Onduidelijkheid
Het Erasmus MC vindt het spijtig dat, volgens berichtgeving in de media, bij enkele patiënten onduidelijkheid is ontstaan over hun behandeling met een cryo-ablatie tegen boezemfibrilleren. Zij menen in 2005 een experimentele behandeling te hebben ondergaan zonder dat zij daar de volgens hen verplichte toestemming voor hebben verleend. Het is altijd onze intentie iedere patiënt de beste behandeling te geven en zo goed mogelijk te informeren. Juiste informatie geven zien wij als een vanzelfsprekend onderdeel van goede zorg.
 
Goedgekeurd
Cryo-ablatie is een behandeling voor patiënten met hartritmestoornissen die niet reageren op medicamenteuze behandeling.
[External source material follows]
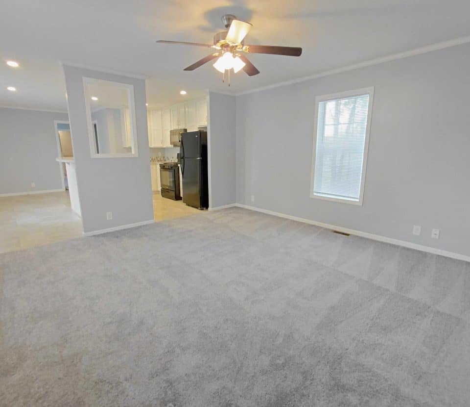 Modern Palette Enjoy the fresh neutral gray paint and plush soft carpeting throughout the generous living room and bedrooms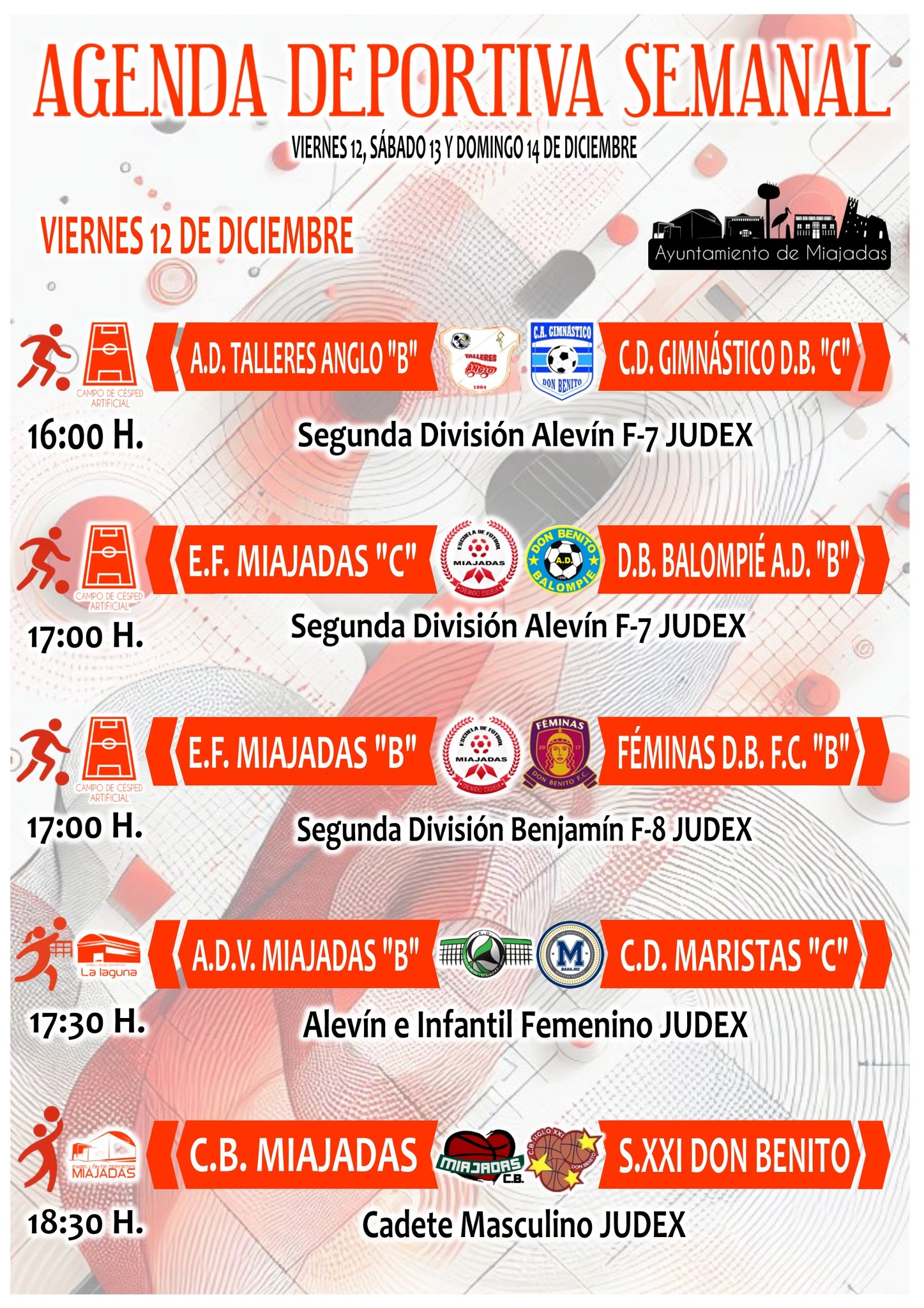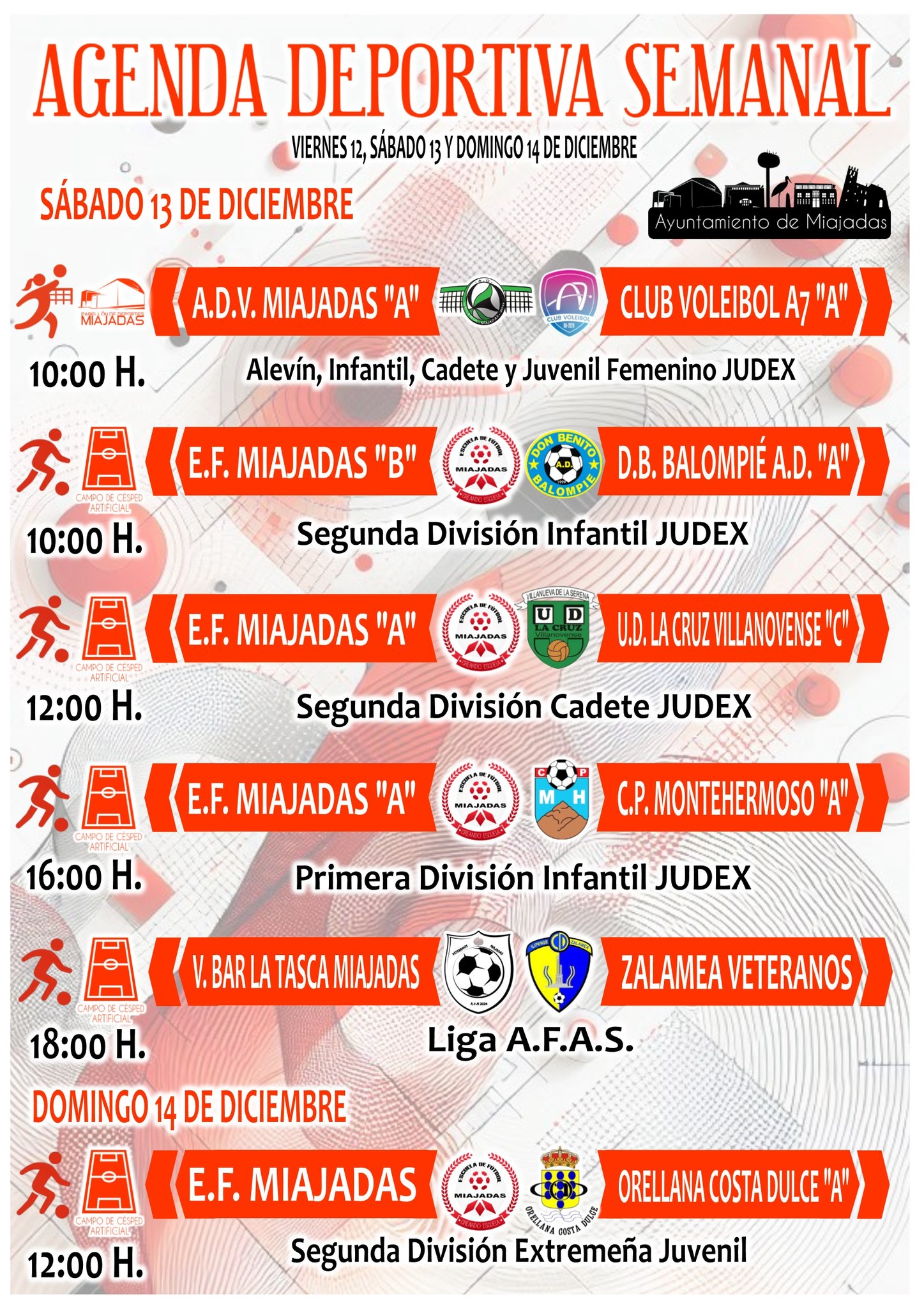 Como siempre, os adjuntamos relación de encuentros deportivos a disputarse en Miajadas las jornadas del viernes al domingo, 12, 13 y 14 de diciembre.

Cryo-ablatie gebeurt middels hartcatheterisatie. De cryo-ballonkatheter werd in het Erasmus MC in 2005 geïntroduceerd toen deze goedgekeurd was voor gebruik in Europa (CE-certificatie). Het betrof geen behandeling in het kader van medisch wetenschappelijk onderzoek. Er was sprake van de verfijning van een al veel langer bestaande behandeling.

Preciezer
De nieuwe katheter had als voordeel dat deze preciezer en effectiever was (de plaatsing van een ballon op de katheter maakt dat je de te behandelen plek preciezer kunt raken) en het risico op complicaties kleiner was dan bij de behandeling die er al was. Dit is later ook gebleken en deze behandeling is nu dan ook internationaal de standaard.

Procedure
Patiënten zijn op de gebruikelijke wijze vooraf geïnformeerd over hun behandeling. Dit is vastgelegd in hun medisch dossier en is een reguliere procedure bij ingrepen met een complicatierisico.
 
Routine
Alle controles behoorden tot de normale klinische routine en werden uitgevoerd in het belang van de patiënt. De gegevens zijn, zoals dat hoort, opgeslagen in de dossiers van de patiënten.

Dossieronderzoek
Later is door de betrokken artsen dossieronderzoek uitgevoerd. Bij dergelijk onderzoek analyseren we de uitkomsten van reguliere behandelingen bij groepen patiënten achteraf. Het gaat om onderzoek om ons eigen handelen te controleren, continue te verbeteren en om inzicht te krijgen in lange termijneffecten van behandeling. In een dergelijk geval is er geen sprake van zogenoemd WMO-plichtig onderzoek dat speciale schriftelijke toestemming vooraf van de patiënten vereist.